Learned counsel for the 1st Respondent submitted that a successful party should not be deprived of costs and there can be no appeal in respect of a discretion on particular facts even from the erroneous exercise of discretion. This is because it is based on the private opinion of the judge. Counsel relied on Registered Trustees of Deeper Christian Life Ministry v. Mr. Joseph Ebhodagbe (2017) All FWLR (877) 208 at 401, Paras. A-D, at 403, Paras. E-G, Obayagbona v. Obazee (1972) 5 SC 159, Elf Pet. (Nig.) Ltd v. Umah (2018) 10 NWLR (Pt. 1628) 447, Paras. F-H, Udeagu v. Benue Cement Company Plc (2005) All FWLR (Pt. 276) 610 at 733, Paras. E-F. Counsel urged the Court to dismiss the appeal with cost as same is unmeritorious and not deserving of the scarce judicial time.

Learned counsel for the 2nd and 3rd Respondents, while arguing the lone issue submitted that when the 1st Respondent noticed that the appellant was not forthcoming in the building and delivering possession of the house, she demanded a refund of the sum of 6 Million Naira which she paid as deposit to the appellant but that effort proved abortive. These averments were not challenged/controverted at the trial Court and the law is trite with nothing to the contrary that where pieces of evidence are neither challenged nor contradicted in the course of cross-examination, the evidence ought to be deemed as having been admitted by the adverse party who ought to challenge or contradict the evidence.

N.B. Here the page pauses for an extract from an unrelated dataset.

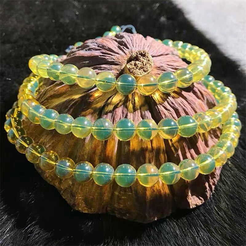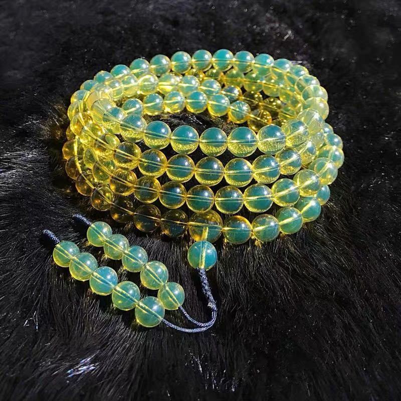 数珠 ブレスレット アンバー ブルー琥珀 美術品 小物ファッション 男女兼用 8mm

Counsel relied on Amadi v. Nwosu (1992) 6 SCNJ 590. 

Counsel further stated that it is not in dispute that a valid contract exists between the Appellant and 1st Respondent, however the Appellant has by its conduct breach the terms of the contract by abandoning the building of the said house for a period of 7 years and not keeping the 6 Million Naira deposit paid to it by the 1st Respondent, thus the learned trial judge was right in ordering for a refund of 6 Million Naira only paid to the Appellant by the 1st Respondent. Counsel relied on lgwem & Co. Ltd v. lgwebe (2010) All FWLR (Pt. 540) 1209 AT 1313, Paras. C-D. Counsel urged this Court to dismiss this appeal as it relates to the 2nd & 3rd Respondent.

In the instant case, the parties are certain of the agreement entered between the appellant and the 1st Respondent. This case is directly a case of a party complaining of breach of contract.

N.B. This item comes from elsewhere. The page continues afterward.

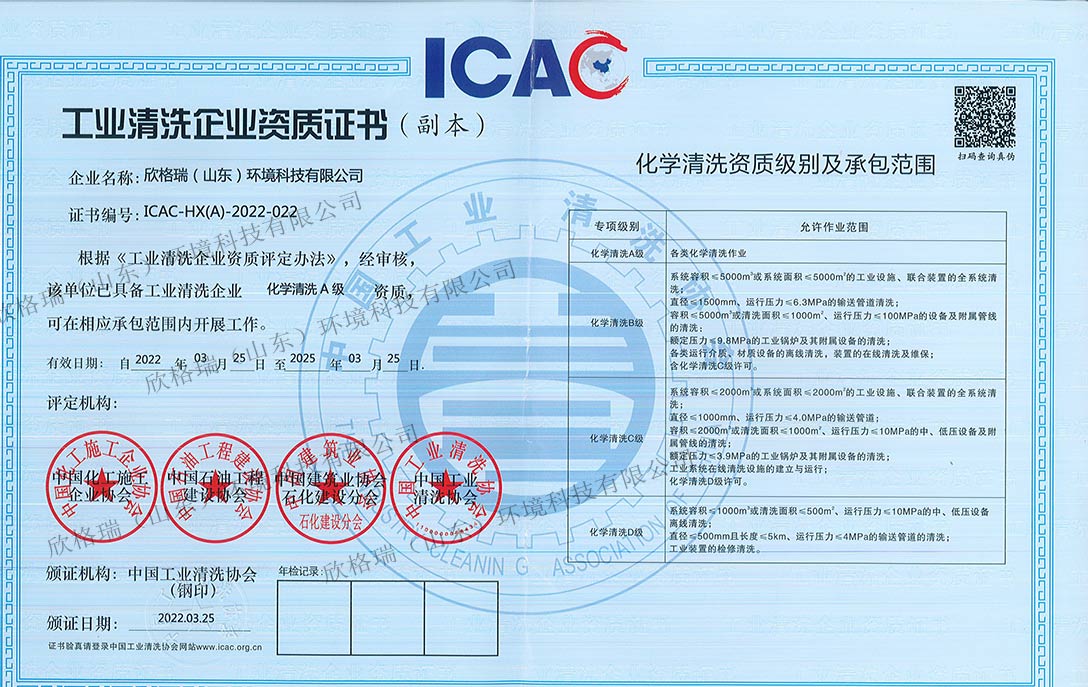 工業設備高壓水清洗、PIG清洗、儲罐清洗A級資質

The contract between the appellant and the 1st Respondent was exhibited as Exhibit 2 before the trial Court. The law is very clear and straight forward that parties to a contract are bound by the agreements they entered. In a contract, there are terms which project the rights and duties of each of the parties in the contract.

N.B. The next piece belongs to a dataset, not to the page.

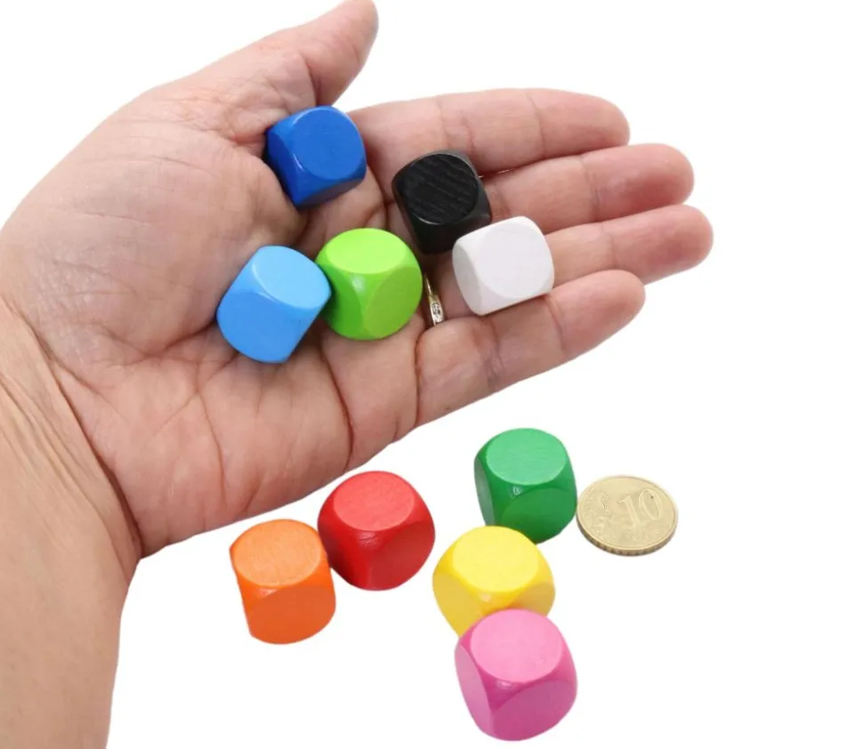 Dé en hêtre teinté, vendu en lot de 10 couleurs : blanc, rouge, rose, vert, vert-clair, bleu, bleu-clair, orange, noir, jaune

The learned trial judge captured the crux of the agreement of the parties at pages 228 to 229 of the Record of Appeal, when he found in his judgment as follows:
“With due respect to learned counsel, there is no provision in Exhibit 2 requiring the defendant to build on milestones and receive payment from the claimant based on the progress of work at site. The submission is outside the terms of the document and is an attempt to read into the contract what is not there. The respective duties of the parties as recorded in Exhibit 2 is straightforward, namely: (i) the claimant will make full payment for the house within nine (9) months of accepting the offer; and (ii) the defendant will deliver the house to the claimant within a period of 11 months after confirming full payment by the claimant. Exhibit 2 does not say when the defendant is to commence building the house, it only states when it should be delivered to the purchaser and that is “within eleven months after confirmation of full payment”. Parties are bound by their contract and none will be allowed to import strange interpretations just to suit his selfish intentions. See Aharanwa v. Peoples Bank of (Nig.) Ltd & Anor (2018) 43985 (CA). On the express wording of Exhibit 2, payment of the full purchase price was a condition precedent for the delivery of the house to the claimant. There is no duty on the defendant to deliver a house to the claimant until full payment has been made for it. Her payment of N6m out of a total purchase of N26,092,500.00 did not satisfy the terms stipulated in Exhibit 2 for acquiring a house in the 1st defendant’s estate.”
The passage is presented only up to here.